Christopher Hitchens, 1949-2011

A tribute to a brilliant essayist, orator and wit.

By George Eaton

“I have decided to take whatever my disease can throw at me,” wrote Christoper Hitchens in his most recent essay. But today, after 18 months, his duel with cancer ended. He was 62 years old. The world has lost one of its most outstanding and prolific journalists and a wonderful polemicist, orator and bon vivant. Hitchens could write brilliantly about an extraordinarily wide range of subjects and people: the death penalty, religion, Leon Trotsky, Evelyn Waugh, the British monarchy, the Israeli-Palestinian conflict, George Orwell, Saul Bellow, the Elgin Marbles, North Korea, the Balkans, Henry Kissinger, Thomas Paine and Philip Larkin.

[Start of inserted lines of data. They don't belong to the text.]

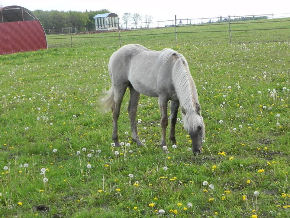 | Dire merci | Thypie est Isabelle sur le Sire par ce qu'elle a le gêne DUN Elle est donc "Red Dun" ![]() Sur cette photo on ne voit pas sa raie de mulet mais on distingue les zébrures au dessus des balzanes . |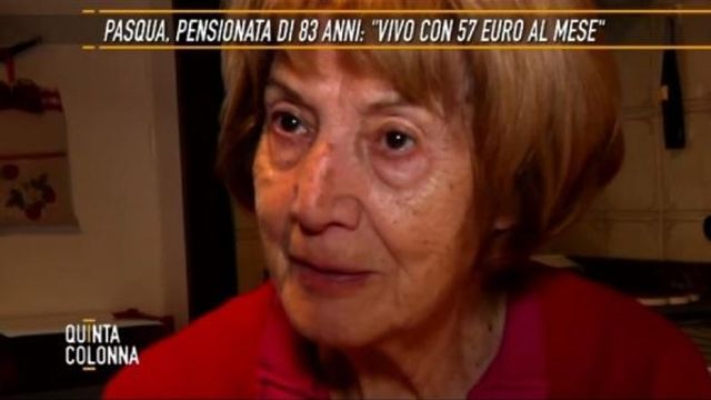 "Hai sempre la paura di non farcela, a volte ti vergogni anche, perché se devi chiedere un aiuto ci pensi non so quante volte". Inizia così l’intervista di Quinta Colonna a Pasqua Salomone, 83enne che vive con una pensione di 589 euro al mese. Sottraendo a questa cifra i soldi per bollette e affitto alla donna rimangono 57,41 euro: meno di 2 euro al giorno per poter mangiare e acquistare altri beni di prima necessità.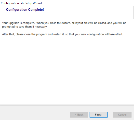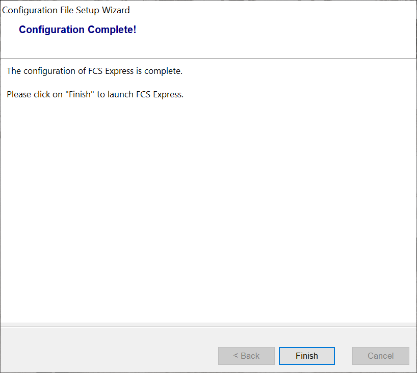 - FCS Express has finished copying the configuration file. Click Finish to obtain your new extension and to continue using FCS Express.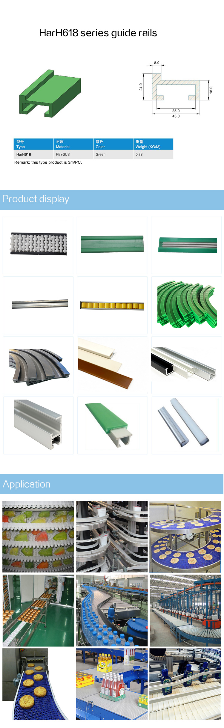 Aluminium plastic chain side guide rail for conveyor and package machine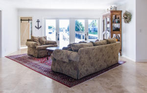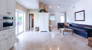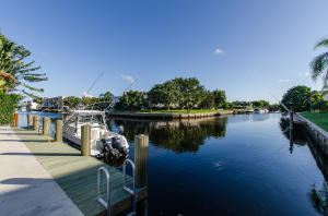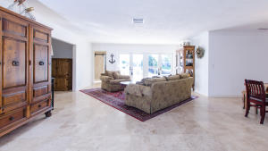 Long canal views greet you as you enter this waterfront deepwater property with no fixed bridges and gorgeous dock to accommodate up to a 50 foot boat. Dock equipped with water and electric and offers a beautiful place for your yacht right outside your door. The home has been renovated including impact glass, travertine totally throughout and newer AC. The home is set up for a generator with a quick attachment and the dryer, range, hot water heater and barbecue are all gas. A fabulous home to weather a storm while enjoying a spacious and beautiful interior with expansive water views. This home flows so beautifully it is really ideal for entertaining or exceedingly comfortable family living.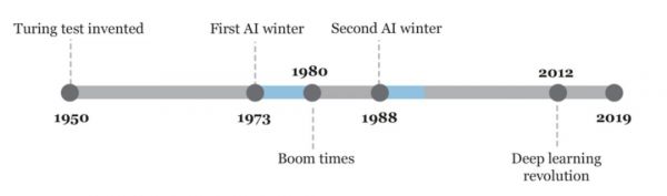 如果说 AI 并不是这些失败案例的罪魁祸首,那么为什么会被放到舆论的风口下被口诛笔伐呢?这主要是因为各种的炒作,导致人们对这个领域的期望过高。为了说明这一点,我们来看看 AI 的发展经过。
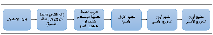 وبعد انتهاء التّدريب، يتمّ دمج الأوزان المدرّبة من لورا مع الأوزان الأصليّة في النّموذج، ممّا يتيح للنّموذج أداء المهام الجديدة بكفاءةٍ دون الحاجة لتعديل جميع المعاملات الأصليّة.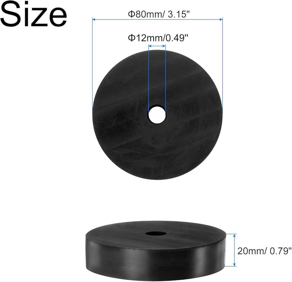 الحجم: 4 قطع من وسادات تخميد الاهتزاز بفواصل مطاطية، 80 مم OD × 12 مم معرف × 20 مم سمك.
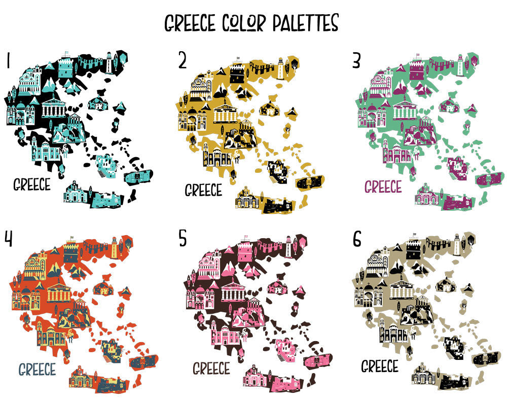 Greece print in six color options. Color palette choices are pink/brown, turquoise/black, black/mustard, purple/green, gray/yel/rust, or black/taupe, or if you want two different colors, order the personalized version and leave a note with the PMS color numbers or email me the two colors you’re wanting. I’ll do my best to get as close as I can.

In recent months we had sad cause to add cancer to that list. The series of essays Hitchens wrote for Vanity Fair about his illness stands as the finest writing on the subject since John Diamond’s C: Because Cowards Get Cancer Too. Without a hint of self-pity or sentimentality, Hitchens confronted his fate with pure reason and logic. “To the dumb question, ‘Why me?'”, he wrote, “the cosmos barely bothers to return the reply: ‘Why not?’ ” Nor did his humour desert him. To a Christian who insisted that God had given him “throat” cancer in order to punish the “one part of his body he used for blasphemy”, he replied: “My so-far uncancerous throat . . . is not at all the only organ with which I have blasphemed.” And to those who insultingly suggested that he should embrace religion, Hitchens’s flawless riposte was: “Suppose there were groups of secularists at hospitals who went round the terminally ill and urged them to adopt atheism: ‘Don’t be a mug all your life. Make your last days the best ones.’ People might suppose this was in poor taste.”